Сергей Иванович вздохнул.

— Вот, покуда идешь, все равно: хоть бы ее и не было, проклятой!.. А сел на место — глядь, недели через две и засосало. Ну, конечно, сразу не поддаюсь: мучусь, зверем гляжу, кабак за версту обхожу… а выпил, и пошла писать недели на две, пока наг и бос не останусь. Очувствуюсь, и сейчас же станет мне противно, как это я себя осрамил и характера не выдержал… тут я поскорее в дорогу ударюсь, потому что, если останусь, непременно со стыда опять запью! Прежде я все по святым местам ходил, просил угодников избавить меня от пьяного беса, да не помогло, по грехам моим…

Сергей Иванович встал еще с более глубоким вздохом.

— Однако прощайте, господин. Мне надо до вечера в Койшауры дошагать. И то я с пути свернул; тут в горах есть деревушка, сопели по-ихнему, а имя ей Чквени, — заходил туда проведать приятеля… Пять лет не видал, хороший грузин!.. А в Койшаурах другой приятель ждет — тоже прекрасный человек! Прощенья просим. Благодарствуйте за компанию!

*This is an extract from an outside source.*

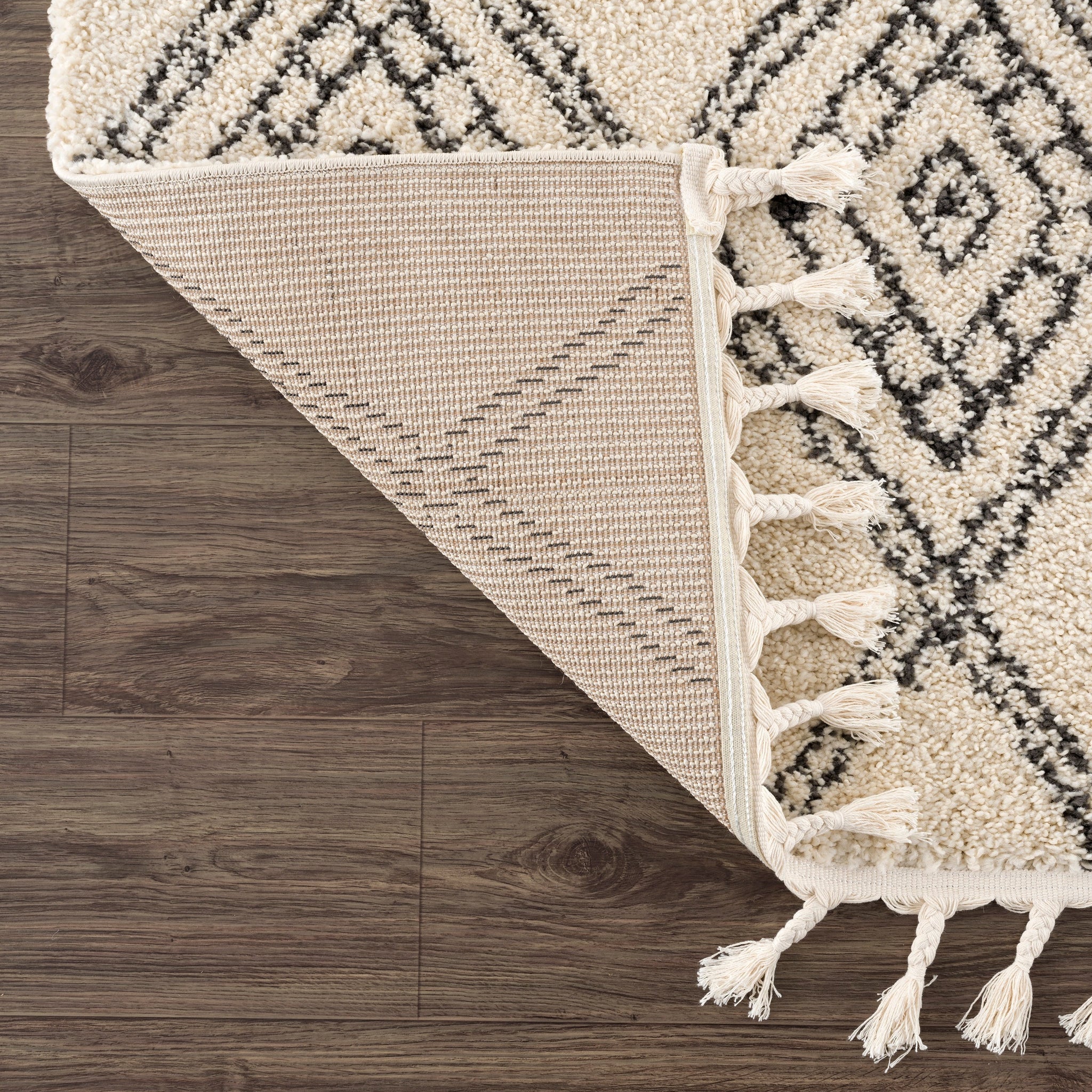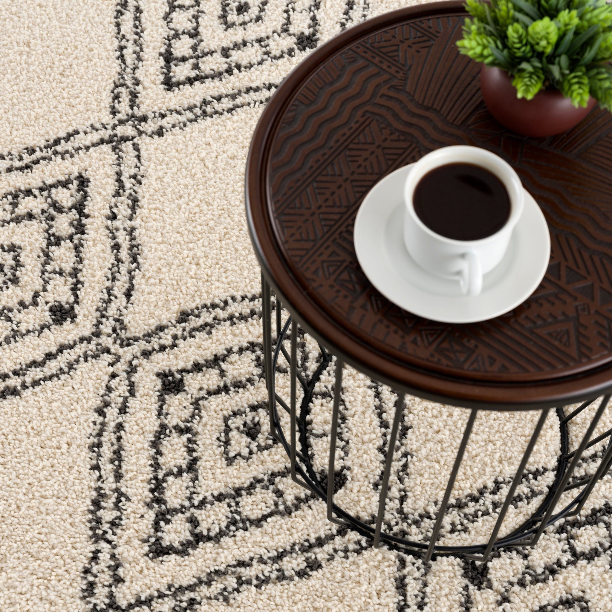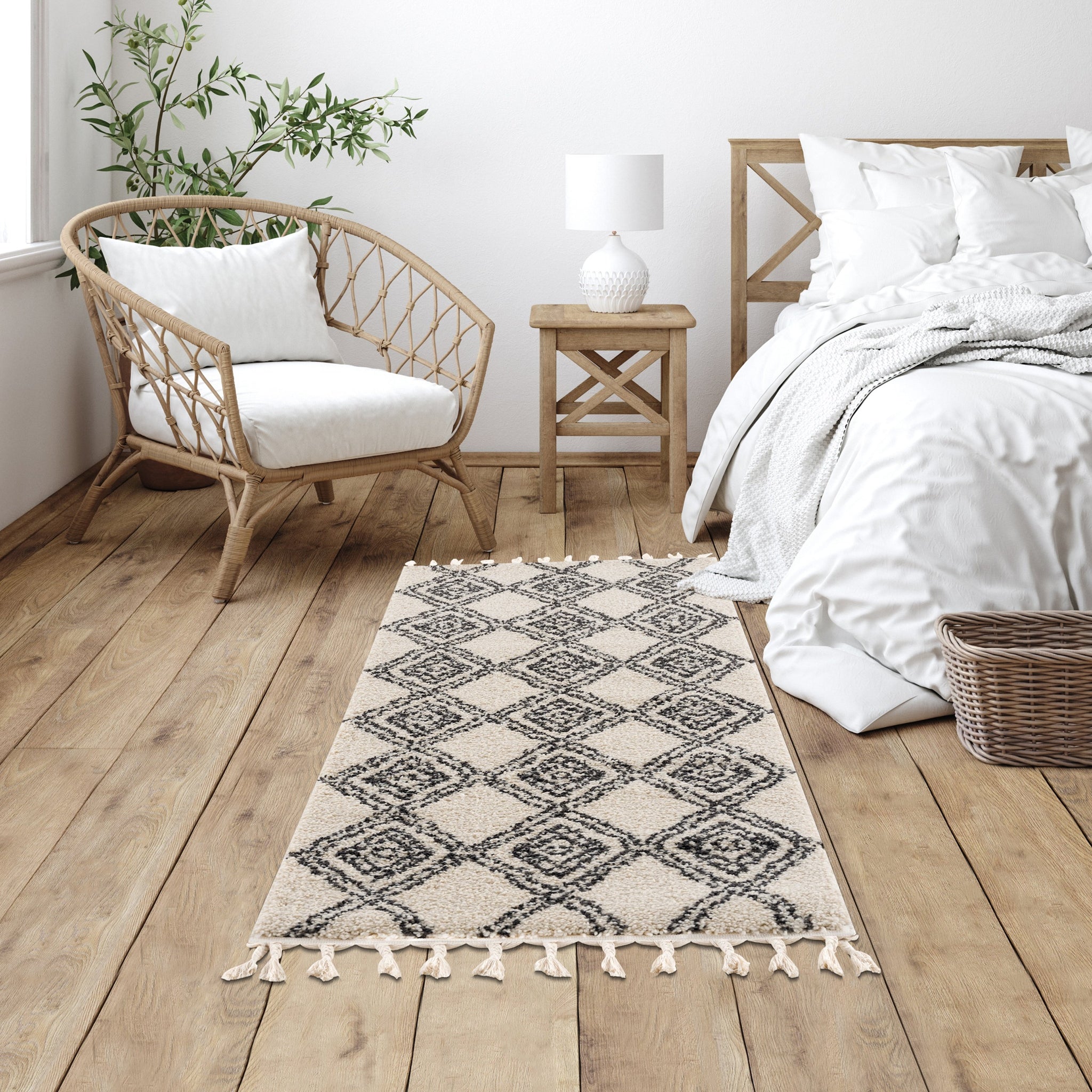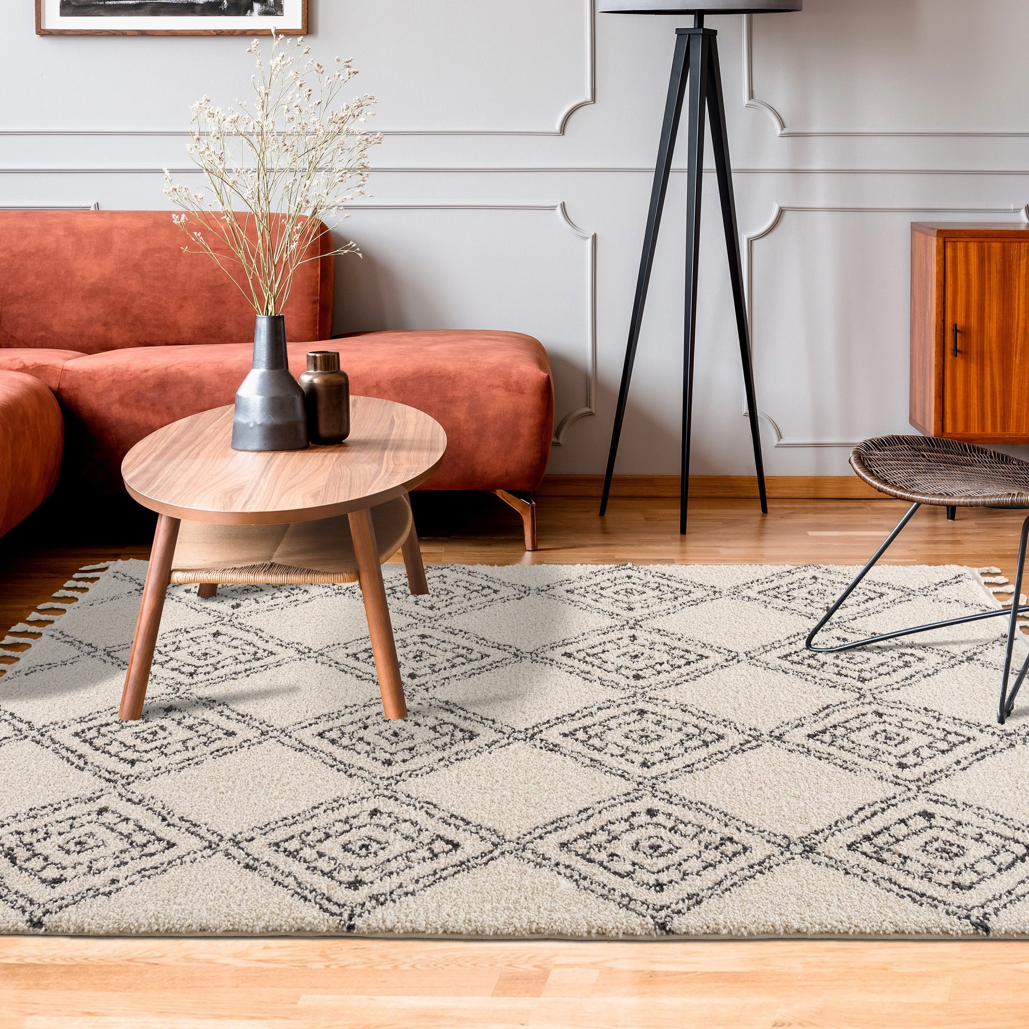 The epitome of neutral shades with a Moroccan motif, our Meru Shag Rug pleases every aesthetic. With a black, whimsical diamond pattern (that almost looks like a hand drawn work of art) atop a cream base, this rug brings undeniable comfort. Perfect in dining rooms, bedrooms, and family rooms because of its super-plush two inch thick pile, this rug will easily fit into your lifestyle.

Скиталец скрылся за поворотом ущелья, а я смотрел ему вслед и думал:

Каких только людей не родит русская почва и в какие углы не забрасывает и не прививает их! Не любит сидеть на месте русский человек; все-то тянет его от своего места, от насиженного, теплого гнезда в неведомый край, под чужое небо, к чужим людям, в чужедальнюю сторонку… И хоть бы добра ждал от нее, а то ведь сам же поет в песне:

Чужедальня сторона —

Полынь горькая трава!

Мы создали исключительно русский тип «Ивана, не помнящего родства», секты «бегунов» и «шатунов»; страницы истории нашей пестрят ушкуйники, низовая вольница, казачество; народное творчество наше страстно тоскует с царевичем Иосафом по «прекрасной матери-пустыни», а величайшие русские поэты провели полжизни — кто на чужбине, кто, в буквальном смысле, «бродя за кибиткой кочевой». Вот уж подлинно: «Скитальцы и странники мы в сей жизни!»

Загрузка...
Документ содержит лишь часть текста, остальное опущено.